AVX-512 is wide enough to process 8 64 bit floats at once. To get a 10x speedup ...

dragontamer · on Feb 16, 2023

L1 cache on Intel machines reads/writes in 512-bit chunks. So you get a 2x faster L1 cache when working with AVX512 on Intel IIRC.

Or perhaps more accurately: L1 cache that can process twice the data in the same amount of time.

usrusr · on Feb 16, 2023

That sounds suspiciously as if an implementation tailored to that cache line size might see a considerable part of the speedup even running on non-SIMD operations? (or on less wide SIMD)

dragontamer · on Feb 16, 2023

> cache line

Wrong side of the L1 cache. Cache-lines is how L1 cache talks to L2/L3 cache.

I'm talking about the load/store units in the CPU core, or the Core <--> L1 cache communications. This side is less commonly discussed online, but I am pretty sure its important in this AVX512 discussion. (To be fair, I probably should have said "Load/Store" unit instead of L1 cache in my previous post, which would have been more clear)

-------------

Modern CPU cores only have a limited number of load/store units. Its superscalar of course, like 4 load/stores per clock tick or something, but still limited. By "batching" your loads/stores into 512-bits instead of 256-bits or 64-bits at a time, your CPU doesn't have to do as much work to talk with L1 cache.

usrusr · on Feb 17, 2023

Ah, so it's not so much about adjacency (which would even benefit an implementation that insisted on loading bytes individually) but about the number of operations required to bucket-brigade those zeroes and ones into registerland when the cache issue is solved (which I'd have very much expected to be the case in the baseline of the comparison, just like other replies).

I was close to dismissing your reply as merely a nomenclature nitpick, but I think I have learned something interesting, thanks!

dragontamer · on Feb 17, 2023

I definitely didn't use the correct language in my post above. But I think we've got the misunderstanding cleared up now.

I'll try to use the word "Load/store Unit" when talking about that part of the CPU from now on.

lallysingh · on Feb 16, 2023

Almost any array-math implementation that's aware of cache sizes is going to outperform the ones that don't. By a heavy margin.
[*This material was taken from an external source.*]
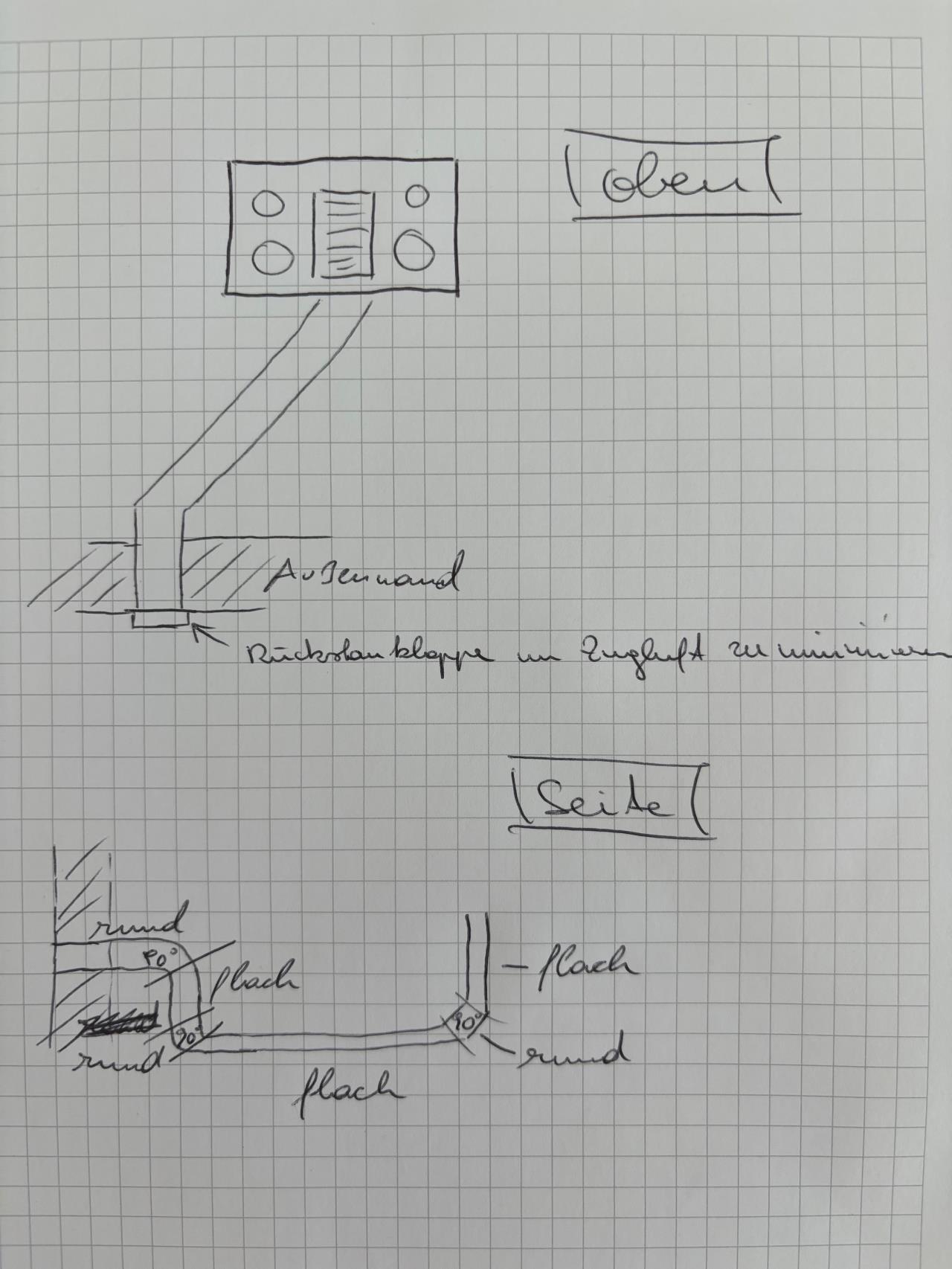 Er meinte auch, dass normalerweise ein 90° Bogen und ein Übergang von flach (was aus dem Dunstabzug kommt) auf rund vorgesehen ist und dass das ganze dann in einen Mauerkasten münden soll, wo eine Rückstauklappe verbaut ist.
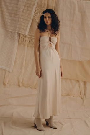 Cette robe de mariée fait partie de la collection Sessùn Oui. Très fluide, elle possède des fines bretelles croisées en toile de viscose, issu de bois de forêts certifiées gérées durablement, qui lui donne des allures de vestale grecque.

eklitzke · on Feb 16, 2023

People already do optimizations like this all the time, when they're working on low-level code that can benefit from it. Sorting is actually a good example, all of the major sort implementations typically use quicksort when the array size is large enough and then at some level of the recursion the arrays get small enough that insertion sort (or even sorting network) is faster. So sorting a large array will use at least two different sorting methods depending on what level of recursion is happening.

You can get information about the cache line sizes and cache hierarchy at runtime from sysfs/sysconf, but I don't think many people actually do this. Instead they just size things so that on the common architectures they expect to run on things will be sized appropriately, since these cache sizes don't change frequently. If you really want to optimize things, when you compile with -march=native (or some specific target architecture) GCC/Clang will implicitly add a bunch of command line flags to the compiler invocation that set up different preprocessor defines that expose information about the cache sizes/hierarchy for the target architecture.

skavi · on Feb 16, 2023

AVX-512 has masks and a lot of new instructions. It's not just wider.

VHRanger · on Feb 16, 2023

My understanding is that AVX-512 also has a lot more functions, so composing something less naturally parallel (eg. simdJSON) is easier in it

adgjlsfhk1 · on Feb 16, 2023

avx512 also gives you 2x more register space which can be very useful.

lodi · on Feb 16, 2023

It's not "8-wide", it's "512-bits wide". The basic "foundation" profile supports splitting up those bits into 8 qword, 16 dword, etc. while other profiles support finer granularity up to 64 bytes. Plus you get more registers, new instructions, and so on.

IanCutress · on Feb 17, 2023

AVX2 is like a portion of a pie without filling. AVX512 is like a full pie with extra filling. You're getting filling, not simply more pie.